Our study, descriptive in nature, demonstrates that the 3VT view is a reliable method with which to determine abnormalities in the upper mediastinum. It proved to be efficient in identifying an important group of critical heart defects involving the outflow tracts and the aortic arch.
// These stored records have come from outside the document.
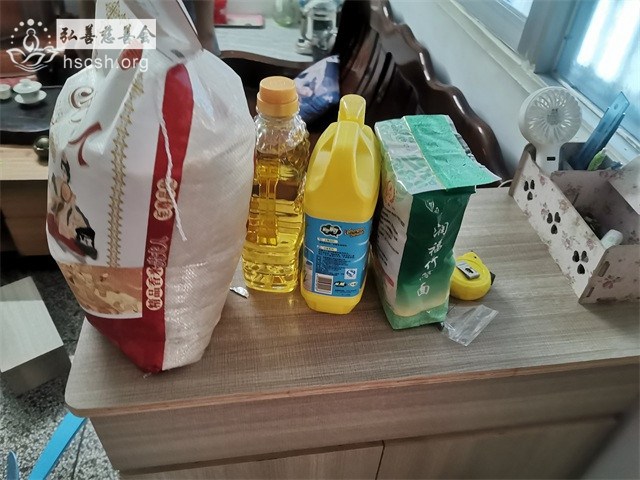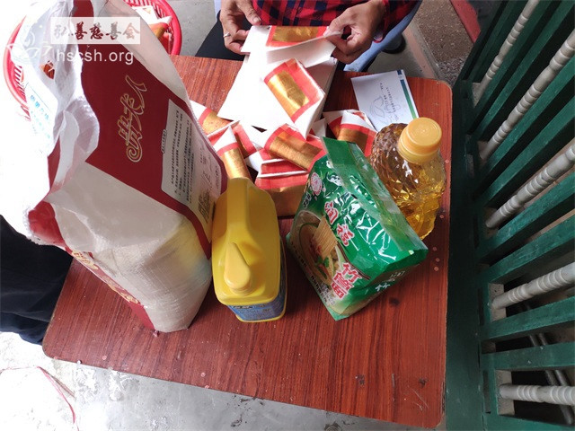 慰问物资:大米1袋、油1瓶、酱料菜1份、洗洁精1瓶
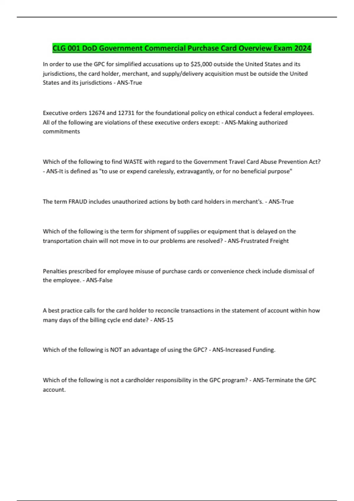 CLG 001 DoD Government Commercial Purchase Card Overview Exam 2024
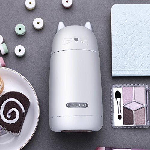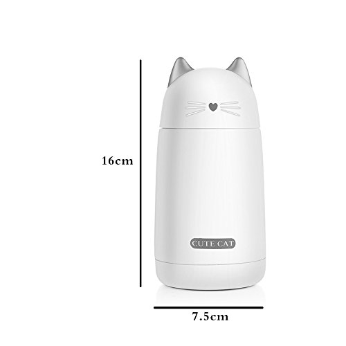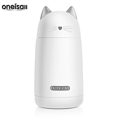 ONEISALL SB60239 330ML Leak-proof Cat Tumbler, Cute Cat Thermos Mug, Stainless Steel Drinkware Thermos Kids Cat Water Bottle (White)

It also provided important clues to the diagnosis of minor anomalies considered as markers of other CHD. We believe that use of the 3VT view should become routine in screening for CHD.
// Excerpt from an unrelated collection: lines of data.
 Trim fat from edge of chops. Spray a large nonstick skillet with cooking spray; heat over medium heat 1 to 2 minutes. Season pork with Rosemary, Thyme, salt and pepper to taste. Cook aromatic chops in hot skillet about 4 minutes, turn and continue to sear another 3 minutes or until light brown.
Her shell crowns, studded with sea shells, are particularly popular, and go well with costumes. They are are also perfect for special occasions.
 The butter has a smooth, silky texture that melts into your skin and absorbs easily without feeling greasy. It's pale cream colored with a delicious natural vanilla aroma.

分析产前诊断为先天性心脏病(CHD)的胎儿在三血管和气管(3VT)视图中所见的异常情况,特别是涉及上纵隔的缺陷,包括流出道和/或动脉。
本研究最初纳入了74例单胎妊娠且产前诊断为结构性心脏缺陷的胎儿。我们选择了那些在3VT视图中可见异常的胎儿,并将其分为几组:在上纵隔检测到的异常(血管大小、排列、布局和数量异常)、横位主动脉弓相对于气管的位置异常,以及使用彩色多普勒检测到的动脉血管功能异常(反向血流和湍流)。检测到的异常在出生后由儿科心脏病专家、超声心动图和/或尸检证实。
74例胎儿中有34例显示3VT视图异常,可分为其中一组。我们根据检查期间最明显的异常发现对病变进行分类。孕周范围为17至39(平均30)周。74例胎儿中有20例发现血管大小异常,2例胎儿发现血管排列异常,3例胎儿发现血管布局异常。5例胎儿发现两根血管而非三根血管,2例胎儿发现四根血管。在1例孤立性右位主动脉弓胎儿中,肺动脉和横位主动脉弓之间的气管可视化异常。在3例主动脉闭锁胎儿和2例严重主动脉缩窄胎儿的横位主动脉弓中发现反向血流。在1例肺动脉闭锁和右心室双出口胎儿的肺动脉主干中发现反向血流。在2例流出道狭窄胎儿中发现湍流。
我们的研究本质上是描述性的,表明3VT视图是确定上纵隔异常的可靠方法。它被证明在识别涉及流出道和主动脉弓的一组重要的严重心脏缺陷方面是有效的。它还为诊断被视为其他CHD标志物的轻微异常提供了重要线索。我们认为,3VT视图的使用应成为CHD筛查的常规操作。